An Evaluation of Object Name Hashing

Ceph splits files into objects, which end up distributed across the Ceph cluster. What would happen if the objects ended all up on the same OSD?

data/40/c57e9e-3f08-4105-a648-d64ba9347b60/prefix_hashing.png

I called this modification Striper Prefix Hashing, as I modified the object name hash to only include the prefix added by the Striper. The striper is the piece of code that does the file-to-object splitting (Ceph Dev Doc, Ceph User Doc). Since I was at it I also tested a different hash function.

The analysis uses the most real-world data I was able to find: A 10% sample of a tape-based archive system used by the European Centre for Medium-Range Weather Forecasts (ECMWF). I focused on balance of the resulting cluster (Objects / OSD, Size / OSD), since I could not obtain a Ceph cluster for ~ 1.6 PiB data to do performance testing on.

I did the aforementioned as part of my Master's Thesis. The results are quite interesting: Striper Prefix Hashing doesn't ruin the balance of the cluster.

Update 2016-01-26:

I reran the tests with more hash functions:

Implementation

My changes are available on github: Branch, Diff with current master branch (Old changes, without crypto hashes: Branch, Diff with current master branch)

The changes branch of the Ceph master branch (commit-ish 256dc84) from Jan 14, 2016.

The key change introduced by Striper Prefix Hashing is in the pg_pool_t:: hash_key method. It is called by OSDMap::object_locator_to_pg, which converts an object ID (object_t oid) and object locator (object_locator_t loc, it also contains the pool ID) to a placement group (pg_t pg).

  uint32_t pg_pool_t::hash_key(const string& key,
                               const string& ns) const
  {
    string n = make_hash_str(key, ns);
    return ceph_str_hash(object_hash, n.c_str(), n.length());
  }

The changed method, truncates the object's name at the first dot found in the string inkey, which happens to be the sequence number part for object names generated by the Ceph Striper.

  uint32_t pg_pool_t::hash_key(const string& inkey,
                               const string& ns) const
  {
    string key(inkey);

    if (flags & FLAG_HASHPSONLYPREFIX) {
      string::size_type n = inkey.find(".");

      if (n != string::npos) {
        key = inkey.substr(0, n) ;
      }
    }

    string n = make_hash_str(key, ns);
    return ceph_str_hash(object_hash, n.c_str(), n.length());
  }

Ceph's Hash Functions

Object name hashes are 32 Bit and computed using a variant of the RJenkins1 hash function. It is not cryptographic and designed for hash tables.

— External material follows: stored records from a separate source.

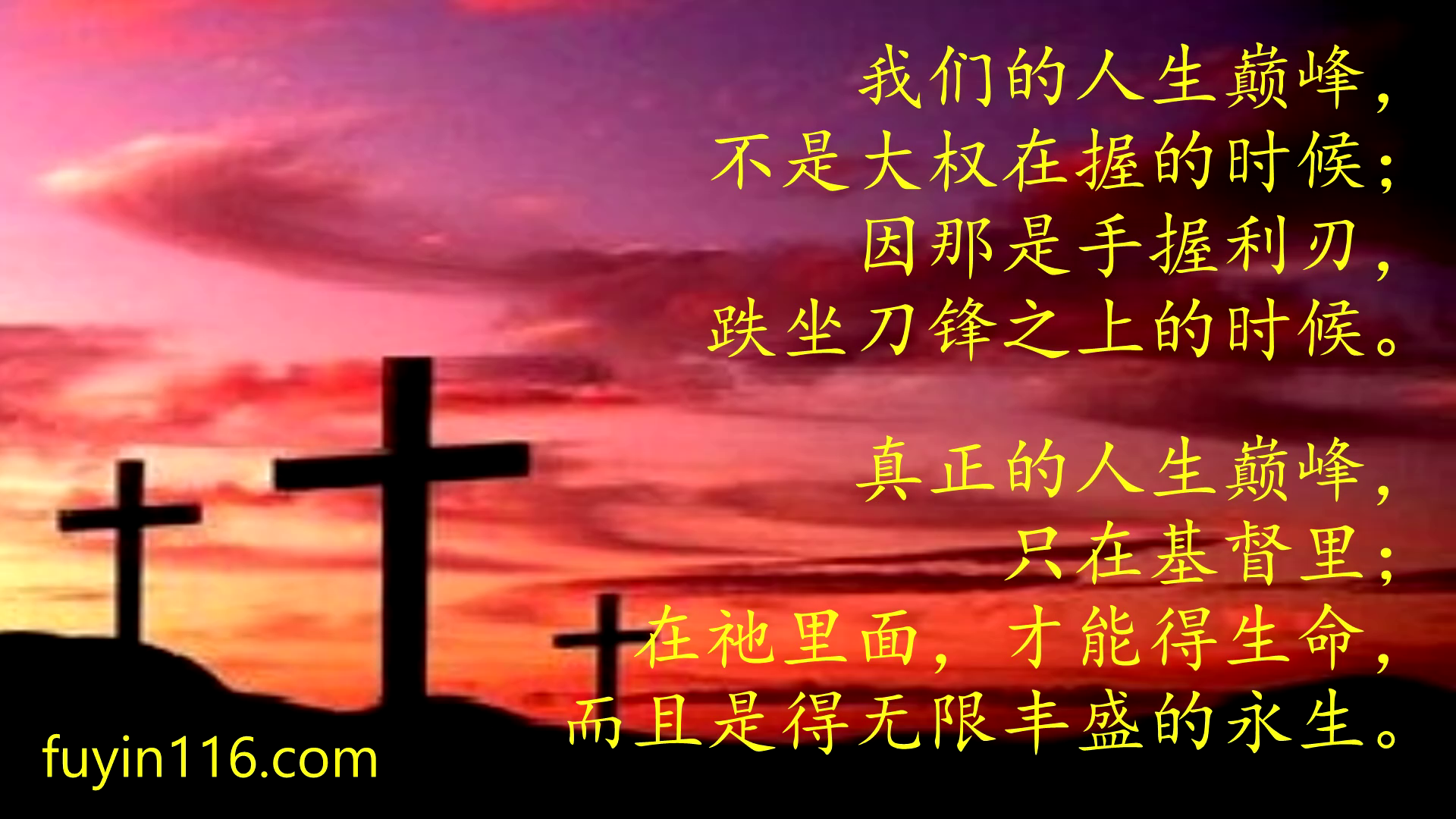 2)请你按照圣灵的感动带领,把我们的这篇信息,发给你身边正在思考“人生的巅峰在哪里”这个重要问题的朋友。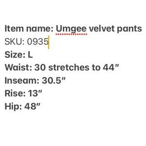 Umgee brand women's wide-leg velvet pants in green with white/ beige stripes. The pants have a smooth, velvety texture and are designed for both casual and dressy occasions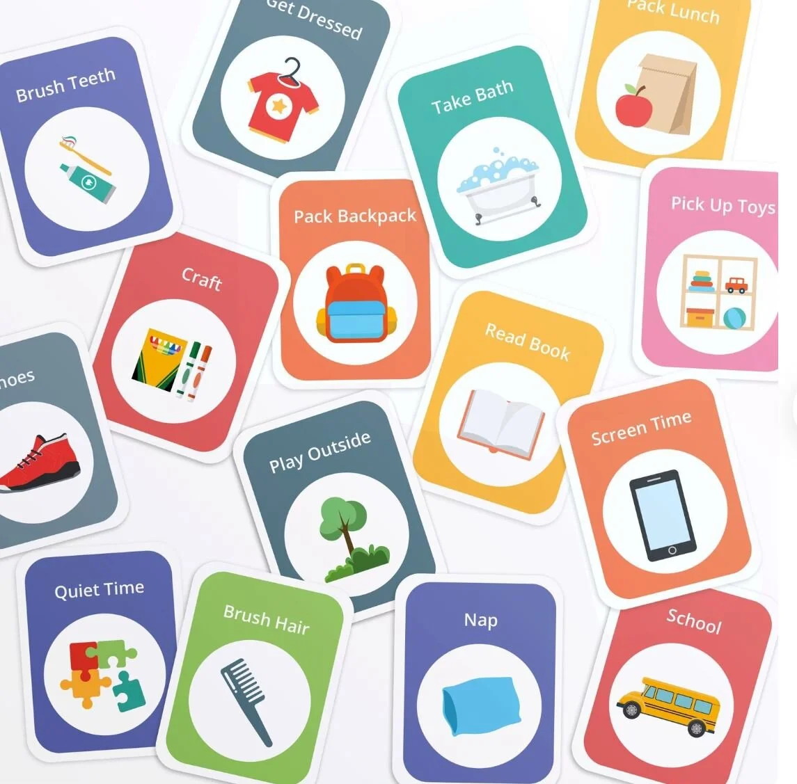1. A schedule is key. Toddlers do better when they know what to expect. This makes it easier to get them to do what you would like them to do, and helps them resist transitions from one activity to the next less. A picture schedule can be very helpful with toddlers (LOVE the cards I have pictured, which are by DaysWithDesign on Etsy, or you can simply Google pictures and print them out), and once they associate the pictures with an activity it gives you some freedom to change up the schedule when you need to. When using the picture schedule, both say what the activity is “time for ___ to play with his toys!” and show them or point to that picture right before you go to that activity, so they begin to understand what the picture is associated with. We’ve been using the term “working” with our toddler, and telling him we need to “do our job”. We have been telling him what his “job” is too (like cooking in his play kitchen).
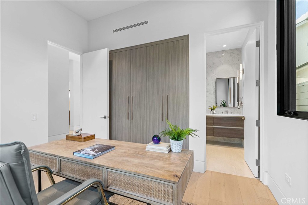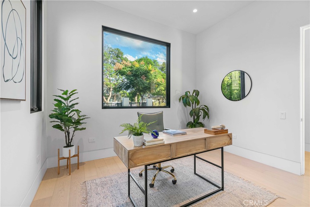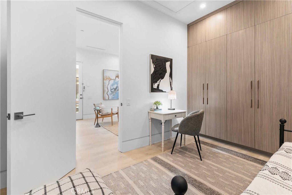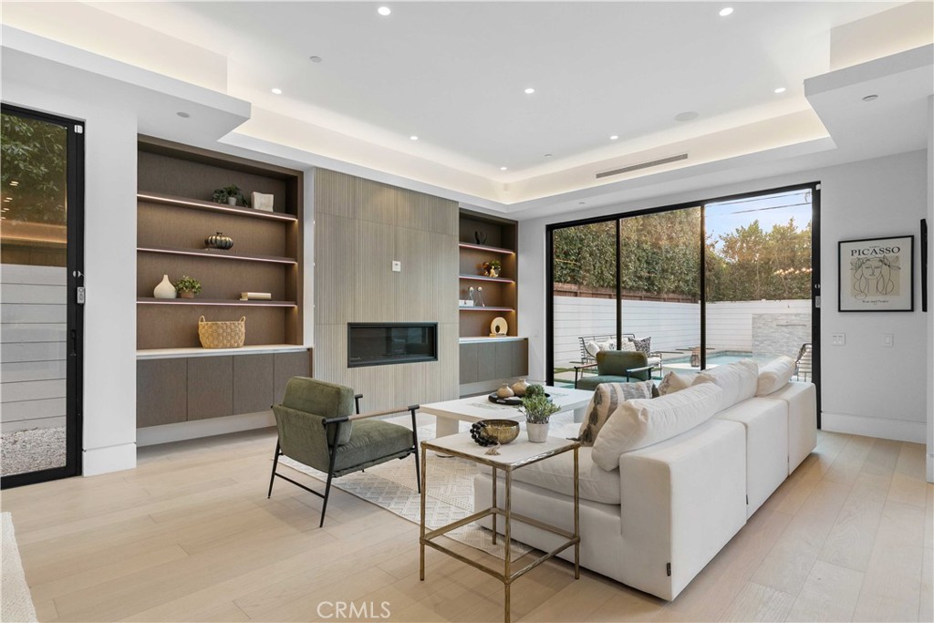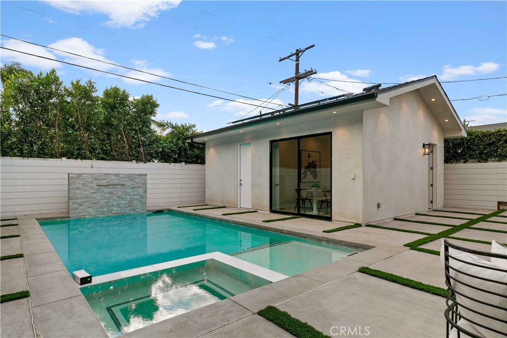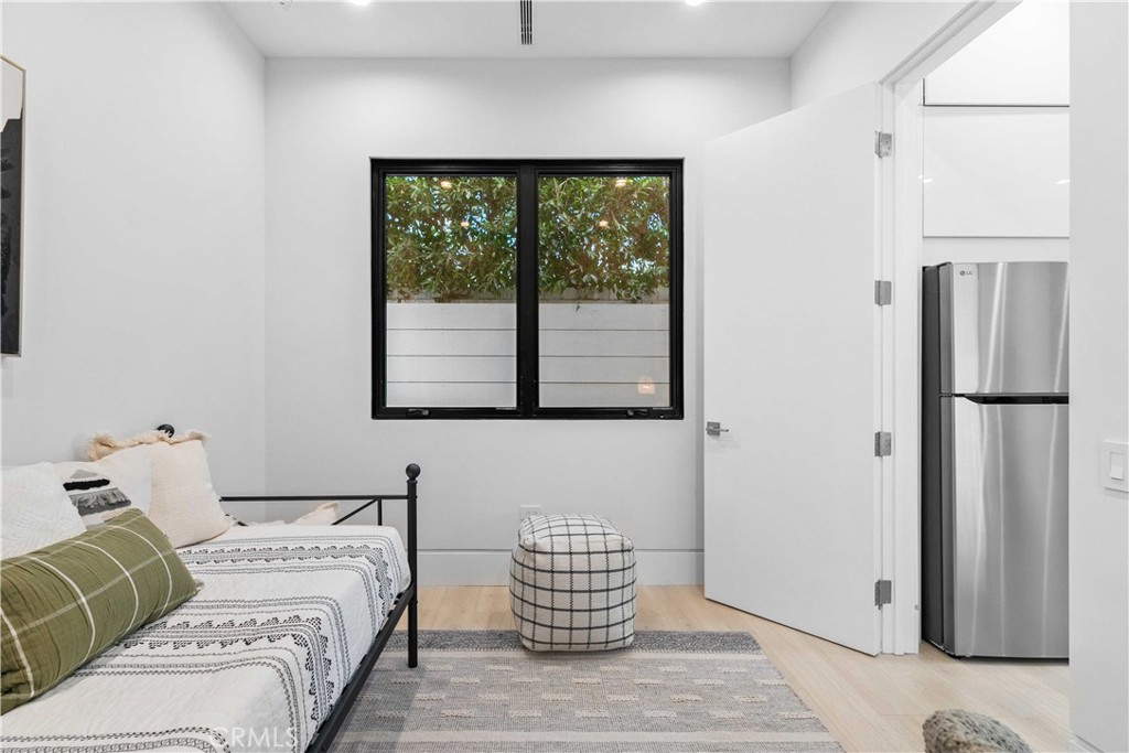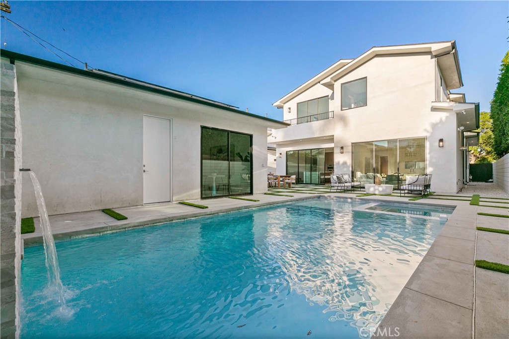 Welcome to 4437 Calhoun Avenue — a brand-new, ground-up construction in the heart of the coveted Library Square neighborhood of Sherman Oaks. This gated modern residence offers 3,161 sq ft of expertly crafted living space with 5 bedrooms and 5.5 bathrooms in the main home, plus a fully finished 515 sq ft ADU complete with its own bedroom and full bath — ideal for guests or extended family. Designed with spaciousness and flow in mind, the home features soaring 11-foot ceilings on the first floor and 9.5-foot ceilings upstairs, creating a bright and open atmosphere. The living room is anchored by a sleek fireplace and floor-to-ceiling sliding doors that open to the backyard, delivering the ultimate indoor/outdoor California living experience. The gourmet kitchen is a true centerpiece, featuring high-end Bertazzoni appliances, custom cabinetry, designer finishes, and a built-in beverage cooler. Upstairs, the primary suite offers a tranquil retreat with a fireplace, built-in sink and beverage cooler, a spa-like en-suite bath, and a walk-in closet with custom shelving. This smart home is equipped with fully integrated technology to control lighting, fireplaces, HVAC, pool speakers, and a Sonos sound system, and it comes complete with a security camera system for peace of mind. Solar panels on both the home and the ADU make this home an energy efficient masterpiece. Additional highlights include Hansgrohe faucets throughout, an attached garage, three separate HVAC systems (for each floor and the ADU), and a dedicated laundry room with Samsung washer and dryer included. Set on a quiet, tree-lined street in Library Square, this gated, camera-secured property blends modern luxury, high-tech convenience, and timeless comfort in one of Sherman Oaks’ most desirable neighborhoods.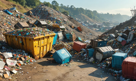 A vast city garbage dump sprawls with towering mountains of waste, a stark reminder of consumption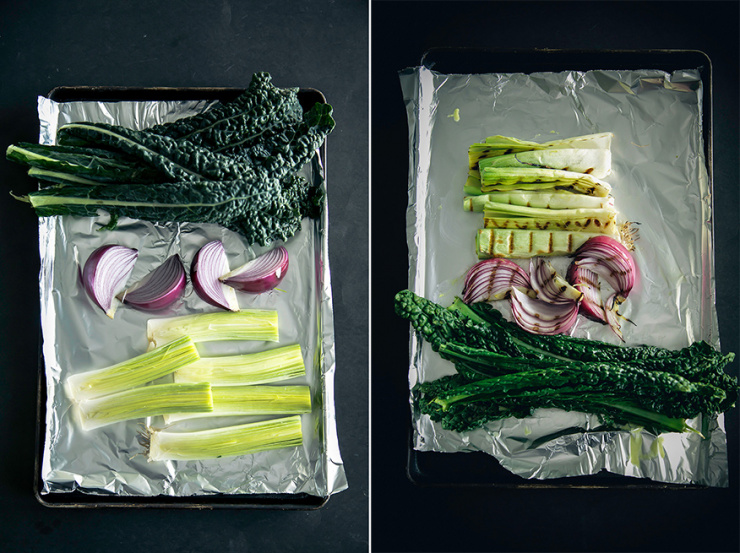 - Also, I grilled some of the vegetables, but have included instructions for oven-roasting here, since that seems to be more of an option for people. If you have a grill, just brush the veg with some oil, salt + pepper and place them on a medium-high grill until charred a bit and soft.
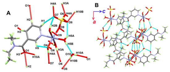In contrast to 1, the supramolecular structure of 2 was controlled by several strong O-H···O hydrogen bonds (Table 3). The coordinated and crystal water molecules acted as hydrogen bond donors, while the oxygen atoms from the amide group, the coordinated sulfate ion, and the crystal water were the hydrogen bond acceptors. In addition, the structure was found to be stabilized by some intramolecular O···H interactions. The intra- and intermolecular hydrogen bonds are shown in Figure 5A as turquoise and red dotted lines, respectively, while the 3D packing structure is shown in Figure 5B.

Ceph also contains code of the Linux dcache hash function, which is not used for object names and without changes to the code, not configurable. Its implementation is quite succinct compared to the 57 SLOC of RJenkins:

/*
 * linux dcache hash
 */
unsigned ceph_str_hash_linux(const char *str, unsigned length)
{
        unsigned long hash = 0;

        while (length--) {
                unsigned char c = *str++;
                hash = (hash + (c << 4) + (c >> 4)) * 11;
        }
        return hash;
}

Since the implementation was already there I included it in the benchmarks. I plan on re-running the tests with a cryptographic hash function soon.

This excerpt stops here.